(Beginning of Data excerpt)

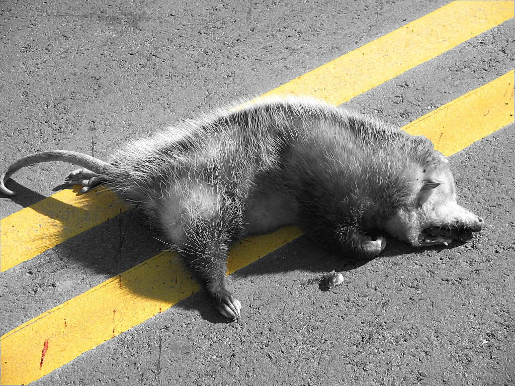 This was on Vine under the 27th St. Bridge.Sin City Opossum
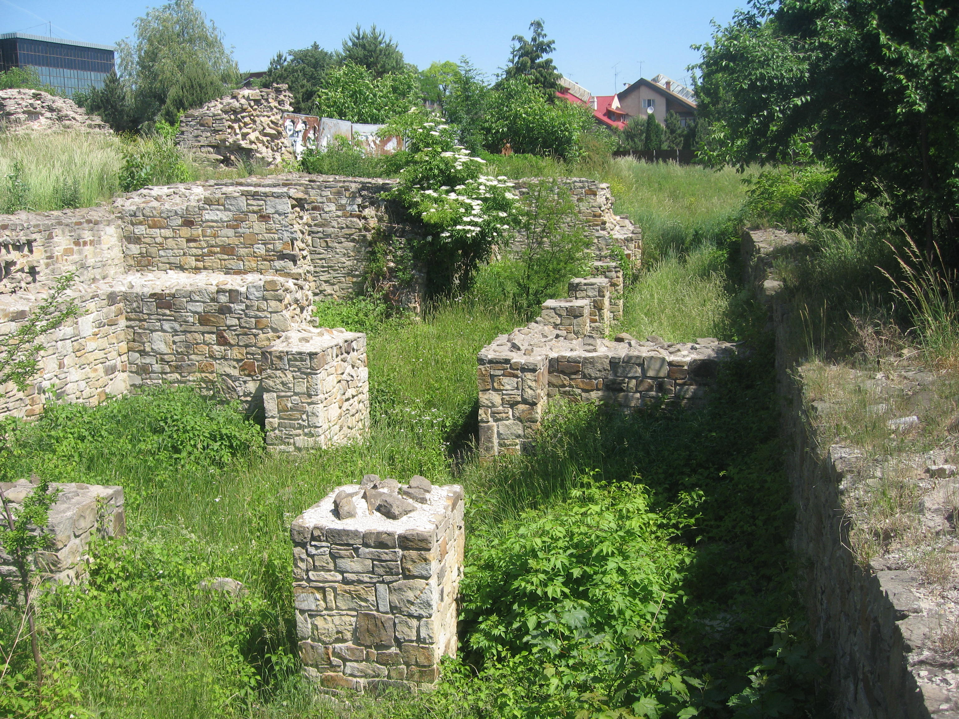 The Princely Court in Suceava.
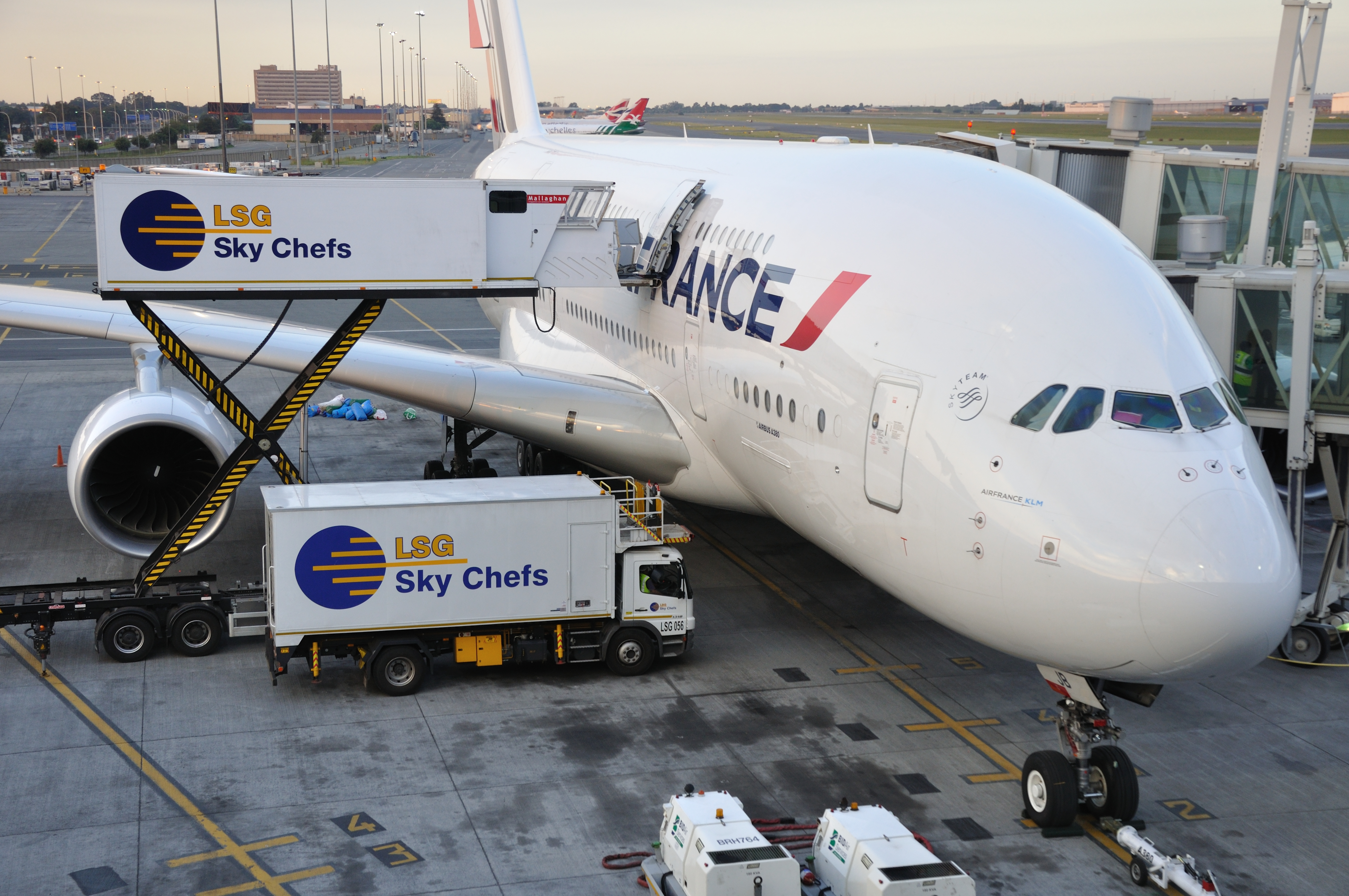 South Africa, spotting at OR Tambo International Airport in Johannesburg: Air France's A380-800 F-HPJB being prepared at the gate for it's night flight to Paris.

(End of Data excerpt)

▶ [What this task involves]:
The response must repeat all the lines above exactly and include no pictures.

▶ [Result of the exercise]:
 This was on Vine under the 27th St. Bridge.Sin City Opossum
 The Princely Court in Suceava.
 South Africa, spotting at OR Tambo International Airport in Johannesburg: Air France's A380-800 F-HPJB being prepared at the gate for it's night flight to Paris.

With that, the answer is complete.